Question

How many grams of barium sulfate can be produced from the reaction of 2.54 grams sodium sulfate and 2.54 g barium chloride? Na2SO4(aq) + BaCl2(aq) --> BaSO4(s) + 2NaCl(aq) Report your answer to 3 decimal places.

Answer 1

Answer: 2.796 grams

Explanation:

$Na_2SO_4+BaCl_2\rightarrow 2NaCl+BaSO_4$

$\text{Number of moles}=\frac{\text{Given mass}}{\text{Molar mass}}$

$\text{Number of moles of sodium sulphate}=\frac{2.54g}{142g/mol}=0.018moles$

$\text{Number of moles of barium chloride}=\frac{2.54g}{208g/mol}=0.012moles$

According to stoichiometry:

1 mole of $BaCl_2$ reacts with 1 mole of $Na_2SO_4$

0.012 moles of $BaCl_2$ will react with=$\frac{1}{1}\times 0.012=0.012moles$ of $Na_2SO_4$

Thus $BaCl_2$ is the limiting reagent as it limits the formation of product. $Na_2SO_4$  is the excess reagent as (0.018-0.012)=0.006 moles are left unused.
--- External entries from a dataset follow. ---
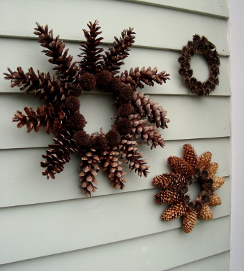 Если на картонную основу в форме круга приклеить шишки разной формы и размера, то получится новогоднее украшение — венок. Правда, шишек потребуется очень много, поэтому запаситесь ими заранее. Готовый венок можно покрыть краской.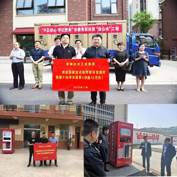 山區(qū)孩子喝上健康水- 此外,為解決部分貧困地區(qū)“因水致病 因病致貧”的難題,榮事達(dá)積極響應(yīng)國(guó)家“精準(zhǔn)扶貧”號(hào)召,責(zé)任上肩,擔(dān)當(dāng)作為,大力發(fā)展健康扶貧事業(yè)。前不久,榮事達(dá)攜手團(tuán)省委、省青聯(lián)啟動(dòng)“青力扶貧 聯(lián)創(chuàng)夢(mèng)想”健康扶貧“放心水”工程,榮事達(dá)向安徽地區(qū)貧困村捐贈(zèng)凈水設(shè)備,建立健康扶貧水站,讓村民們喝上健康水。建立“健康扶貧水站”是榮事達(dá)參與建設(shè)貧困地區(qū)飲水健康保障體系的重要措施,在為村民們提供干凈無(wú)污染的飲用水環(huán)境的同時(shí),有效防止“病從口入”,實(shí)現(xiàn)健康脫貧。目前榮事達(dá)已在河北邯鄲、金寨縣漆店村、阜南縣王家壩村等多地建立扶貧水站,成功解決當(dāng)?shù)鼐用耧嬎踩珕?wèn)題。
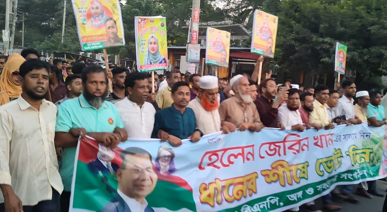সমাবেশ শেষে হেলেন জেরিন খান বিএনপি নেতাকর্মীদের নিয়ে একটি র্যালি বের করেন। র্যালিটি শহরের প্রধান প্রধান সড়ক প্রদক্ষিণ করে ইটেরপুল এ. আর. হাওলাদার ঝুটমিলের সামনে গিয়ে শেষ হয়। সেখানে সংক্ষিপ্ত সমাবেশও অনুষ্ঠিত হয়। এসময় নেতাকর্মীরা হাতে ধানের শীষের প্রতীক ও ব্যানার, ফেস্টুন

1 mole of $BaCl_2$ produces 1 mole of $BaSO_4$

0.012 moles of $BaCl_2$ will produce=$\frac{1}{1}\times 0.012=0.012moles$ of $BaSO_4$

Mass of $BaSO_4=moles\times {\text {Molar mass}}=0.012\times 233=2.796g$

Thus 2.796 grams of $BaSO_4$  are produced.